Here's what's happening: your developers set resources.requests to "something that works," add a generous safety margin because they don't want 3 AM pages, and never touch it again. Multiply that across every container in every deployment in every namespace, and you're paying for 10x the compute you actually use.

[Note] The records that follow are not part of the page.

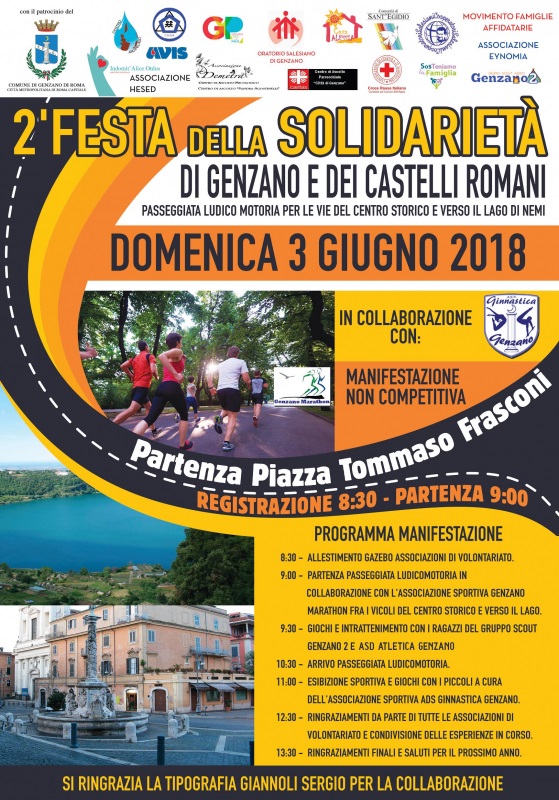 Le associazioni di volontariato dei Castelli Romani in questo modo fanno rete e si riuniscono in un Tavolo di Coordinamento per la Famiglia promosso dall’Oratorio Salesiano di Genzano di Roma insieme all’Ufficio Pastorale Familiare della Diocesi di Albano Laziale. Per comunicarlo a tutta la cittadinanza di Genzano di Roma e degli altri paesi dei Castelli Romani hanno organizzato la “2^ FESTA DELLA SOLIDARIETA’ DI GENZANO E DEI CASTELLI ROMANI” che si terrà con il Patrocinio del Comune di Genzano di Roma domenica 3 giugno 2018 in piazza Tommaso Frasconi a Genzano. Durante la manifestazione ci sarà con partenza da Piazza Frasconi alle ore 9:00 una Passeggiata ludico-motoria in collaborazione con l’Associazioen Genzano Marethon per i vicoli del centro storico e verso il Lago di Nemi. Nella piazza fin dal mattino saranno allestiti i gazebo di Casa Alessia Onlus,Caritas di Genzano di Roma, C.I.C.A.R.(Coordinamento Immigrazione Castelli Romani),Associazione Salesiani Cooperatori centro locale di Genzano di Roma, Movimento Famiglie Affidatarie, Comunità S.Egidiio, Associazione Demetra, Centro Arcipelago, Associazione Indomit’Alice, , Associazione promozione sociale Hesed, Associazione SosteniAMO la famiglia,Croce Rossa Italiana comitato Comuni dell’Appia, Associazione AVIS comune di Genzano di Roma,Associazione culturale Eynomia Happy, Associazione Famiglie di Genzano di Roma, Centro di Aiuto alla Vita “Giovanni Paolo II” Onlus, Gruppo Scout Genzano 2. Nel corso della mattinata di festa inoltre le associazioni sportive ASD GINNASTICA GENZANO e ASD ATLETICA GENZANO insieme al Gruppo Scout Genzano 2 organizzeranno dei giochi a contenuti sportivi e ricreativi per i bambini e le loro famiglie che vorranno condividere insieme a loro i valori di solidarieta’. Ogni associazione partecipante organizzerà animazione per le famiglie ed i bambini invitati a partecipare per condividere i valori di solidarieta’ e condivisione.
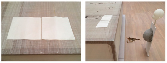 Continuing with ‘conversations’ from the principal national participating pavilions, the artist Cathy Wilkes, presents her ‘creations’ which ‘occupy’ the six rooms of the UK pavilion. As objects are placed around the entire space, from floor skirting level, to hanging from the ceiling, only a small number of visitors are allowed at any one time. There are two sets of folded pages laid out upon an ephemeral table’ like structure, presented at reading level height but blank, empty of what we might consider visual content (Figure 7).
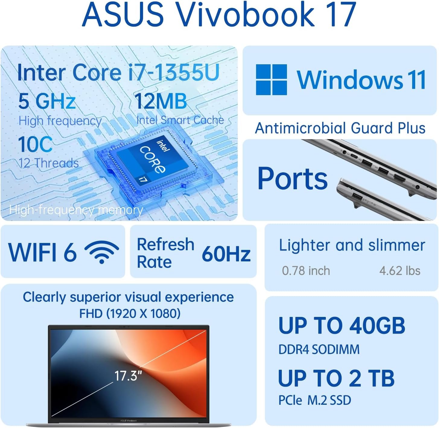 ASUS Vivobook Premium 17.3 F1704 AI Business Laptop, 17.3 FHD, Intel i7-1355U, 24GB RAM, 1TB SSD, Backlit Numeric KB, Privacy Camera, Bundle with PCO Notebook Folding Radiator, Laptop Cooler
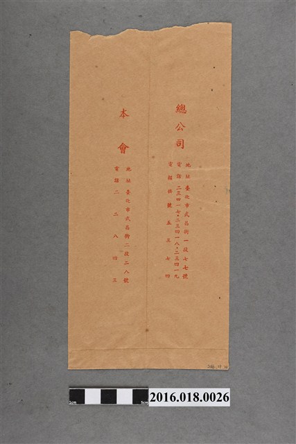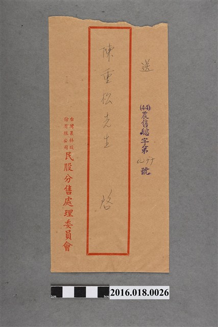 2016.018.0026 陳重松臺灣農林股份有限公司民股分售處理委員會信封
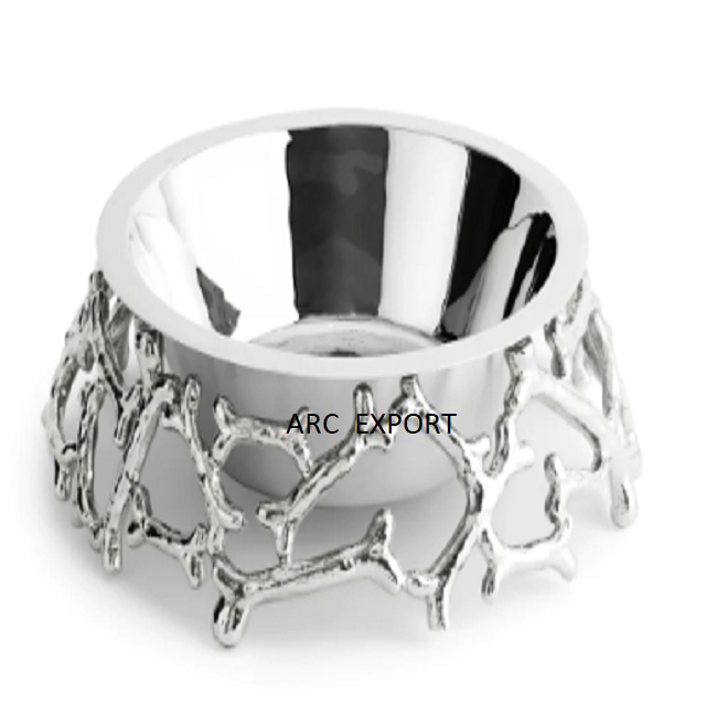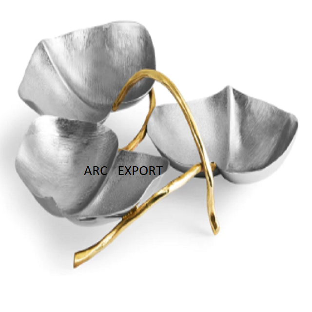 Fancy Decoration Silver Clear Metal Decoration Wholesale With Gold Leaf New Design Unique Serving Bowls for Wholesale Suppliers

Why Nobody Fixes This (Even Though Everyone Knows About It)¶

The Kubernetes ecosystem has had a tool for this since 2018: the Vertical Pod Autoscaler (VPA). So why does less than 1% of the industry run it in production?

VPA evicts your pods¶

VPA's "Auto" mode works by evicting pods and recreating them with new resource values. In theory, this sounds fine. In practice, it means:

Pod restarts during traffic spikes. VPA sees high usage, recommends more resources, and evicts the pod to apply them. The pod restarts, loses its in-memory state, and starts handling requests from a cold cache, exactly when you need it most.
JVM cold start penalties. Java applications lose their JIT-compiled code on every restart. A warmed-up JVM might handle 10,000 req/s; a cold one handles 2,000. VPA evictions can cause a 5x throughput drop that cascades through your service mesh.
Stateful workload disruption. Databases, message brokers, and ML training jobs lose progress. A 6-hour training run evicted at hour 5 wastes 5 hours of GPU time.
Cascading failures. When VPA evicts a Prometheus pod (which it monitors itself through), the recommender loses its data source and starts making blind recommendations. This actually happened in production and took down an entire cluster's observability.

VPA fights with HPA¶

If you're running Horizontal Pod Autoscaler (HPA) on the same workloads (and you probably should be), VPA creates a death spiral:

VPA sees low average CPU usage and lowers resource requests
HPA sees CPU utilization spike (because the same load on smaller requests = higher percentage) and scales out
More replicas with lower requests = lower average usage again
VPA lowers requests further
Eventually pods are too small to handle even a single request, and everything falls over

This is why the official Kubernetes documentation explicitly warns against running VPA and HPA on the same metric.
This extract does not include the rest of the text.